In this age of ongoing marriage battles, it’s refreshing to see straight couples having to deal with their own queer take on matrimony. QUADRANGLE follows to real-world heterosexual couples who lived in a group marriage in the “free love” 1970’s. The two couples moved into one home, swapped partners and raised their kids together with visions of a new way for couples and communities to live and love. But as their individual marriages began to fall apart, they have to decide whether to live up to their own ideals or succumb to divorce and dissolution. We’ll be talking with the director of the film and getting her take on the intersection of polygamy, polyamory, and how the challenges and gifts of “non-traditional” marriage.

 
 

Geoff Marslett, the director of MARS developed an animation process specifically to give his sci-fi the appearance of a graphic novel. Even though it involves astronauts and robots on an intergalactic space race, it’s actually a romantic comedy that explores why we explore at all and how love fits in. Not only is the director a Texas native, Academy Award nominated animator Don Hertzfeld and Texas politician and country singer, Kinky Friedman both had a hand in the film’s creation.

 
 

In EARTHLING, director Clay Liford has created a troubling female science fiction film with a lesbian relationship, a pregnant child, and a sperm-like creature that lives in people’s minds. Judith infertility and recent health troubles have made her more distant from her husband and job. She gets into a car accident around the same time that astronauts discover a strange seed floating through space. But something doesn’t feel right about the doctor calling her accident a seizure and the sudden interest of one of her students. Director Clay Liford proved that he’s a masterful visual storyteller in his first film, Four Course Meal, a silent black-and-white film about a professional kidnapper.

 
 

THE HARDEST PART follows an aging fey out-of-work British television actor who is tired of being known as the butler from Manor House. He’s hungry to remake his image, but how many indignities will he endure to get a role in the film Dirt, Diamonds, and Destruction? Director Oliver Refson provides a comedic yet compassionate look about the cost and compromises that come with change.

 
 

With B-movies like Ticked-Off Trannies with Knives just appearing on the scene, you might think that trans-ploitation and gay-sploitation are the latest frontiers of late night gross-out films.
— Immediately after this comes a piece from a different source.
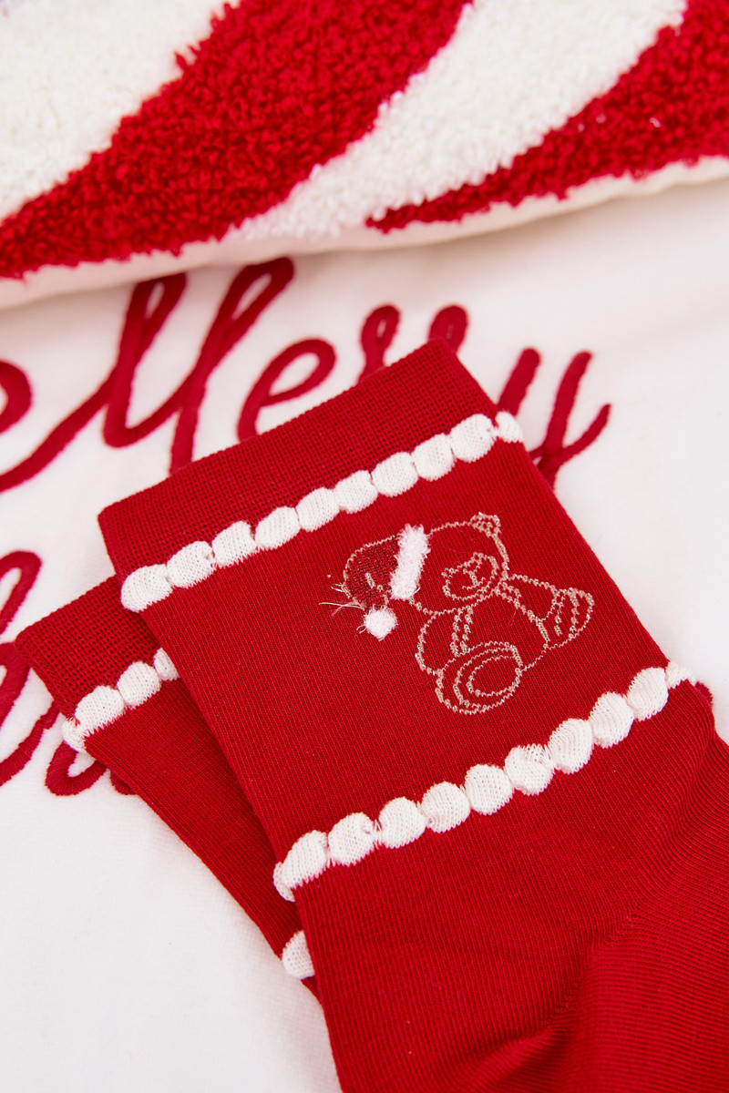 Sieviešu Ziemassvētku zeķes ar lāci un Ziemassvētku vecīti sarkanā krāsā

But coutesy AMERICAN GRINDHOUSE, you might be surprised to learn that American films have been using lesbian, trans, and gay aesthetics to outrage and entertain audiences since the 1930s.

 
 

Hazing deaths, homoerotic rituals, and institutionalized sexism often keep fraternities in a bad light. BROTHERHOOD explores that dark space when an initiation prank, holding up a convenience store, ends up with a pledge brother getting wounded. It comes down to one man to make the decision whether to save his brother’s life or let the brotherhood take matters into their own hands. The men may be hunky, but the action is anything but fun and games.

 
 

The recent campaign against using the word “retard” in casual speech is much like the campaign to rid teenspeak of “that’s so gay.” Looked at one way, mentally and physically handicapped people get dissed as often as LGBT folks and just as ignored in mainstream coverage and accommodation. FOR ONCE IN MY LIFE views the issue through the lens of a 28-member Goodwill band made up of only mentally and physically handicapped individuals—and what’s more… they’re actually pretty badass. Since some of the band members could not communicate well for themselves, director Jim Bingham told some of their stories in a slow-paced intimate style that comes out through families and their individual performances.

 
 

When University of Texas student Barbara Smith got cast in an opera opposite her white male classmate, she experienced a racist backlash from the Texas legislators living in her own town. WHEN I RISE follows Smith’s journey from that condemnation to her eventual redemption as an internationally celebrated mezzo-soprano. It’s also a provocative nod at the extreme reactions to inter-racial coupling that mirror contemporary reactions to same-sex coupling.